Friday, October 21, 2011

What I Learned on Safari

On Saturday, I returned from a vacation to Kenya. My first visit to Africa was unforgettable, the game parks were lovely and the safari rides thrilling. But, I am haunted by the images of the cities, villages, and reservations we passed through on our way to the game parks.

Like many tourists, we visited a Masai village. We sat in a mud and cow dung constructed hut, little bigger than the office I am writing in now, that housed 10 people in two beds. We watched mothers nursing newborn babies, covered with flies. We were told about teenagers, both boys and girls, going through circumcisions and women having babies attended only by their mothers-in-law. When I asked, I was told that “only” about one in ten women in the village die in childbirth. The cities outside of Nairobi we drove through on barely passable roads were filled with children begging when our 4 by 4 vehicles stopped for traffic, with corrugated aluminum tiny homes dotting the roads.

These so-called optional tourist excursions broke my heart and brought home the reality of the need to address poverty, maternal mortality, and access to family planning. It provided me with a renewed commitment to the Religious Institute’s Rachel Sabbath Initiative to engage religious leaders and faith communities in working for U.S. support to reach the Millennium Goals worldwide.

I know that Kenya is not the poorest country in Africa, and compared with its neighbors, it is relatively peaceful. But, still, one in 38 Kenyan women will die in childbirth, 26% of women will marry before adulthood, and female genital mutilation is still widely practiced.
The average woman in Kenya has six children, while her desired family size is four, although in the Masai village I visited fertility was much higher -- yet this marks substantial progress from an estimated 8.1 children per woman in the late 1960s). Fewer than half of Kenyan couples use contraceptives (46%), although that marks a significant increase compared to the 39 per cent reported in a 2003 study. According to the CIA World Factbook, the urban population in Kenya is “growing at an alarming rate as many Kenyans migrate from their rural homes to urban centers,” which has led to a scarcity of jobs and opportunities.
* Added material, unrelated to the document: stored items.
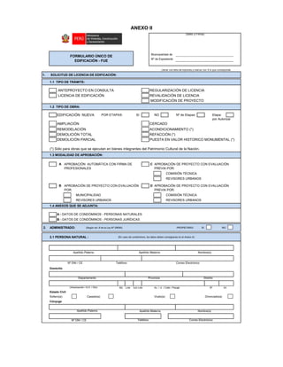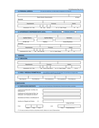 Este documento contiene un formulario para solicitar una licencia de edificación. Solicita información sobre el proyecto de construcción propuesto, incluida la ubicación del terreno, los planos arquitectónicos, los detalles de la estructura y las instalaciones, y los nombres de los profesionales involucrados en el diseño. También pide documentos que demuestren el derecho a edificar y el cumplimiento de los requisitos municipales.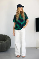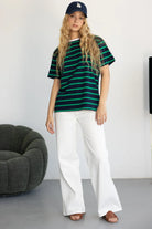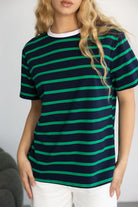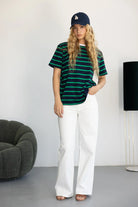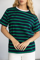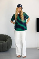 חולצת בייסיק בגזרה רחבה מעט ובד איכותי ונעים ביותר לעונה. בשילוב פסים לרוחב החולצה.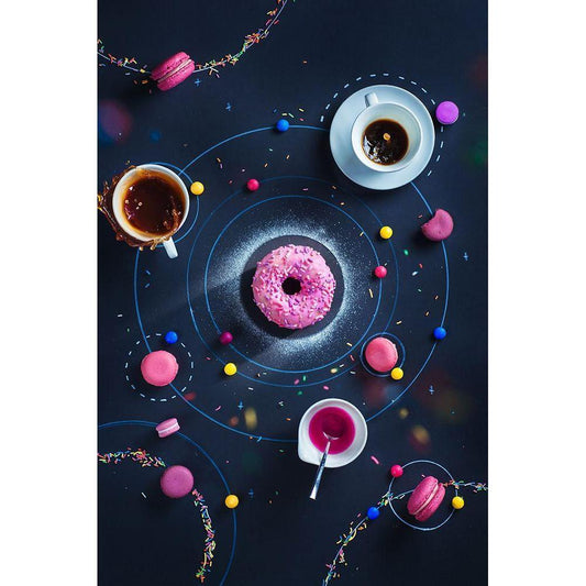 Space Donut Black Modern Wood Framed Art Print by Belenko, Dina

World population growth stops being an abstract idea when confronted with individuals and whole communities suffering without enough food, shelter, sanitation, health care, and economic opportunities. At the end of this month, the world's population will reach 7 billion. It was 4 billion when I first started working thirty five years ago.

The Bible calls us to be stewards of the earth and caretakers of our neighbors. I hope you’ll join us in rededicating ourselves to living out our faith through renewed action on behalf of all the people of the world.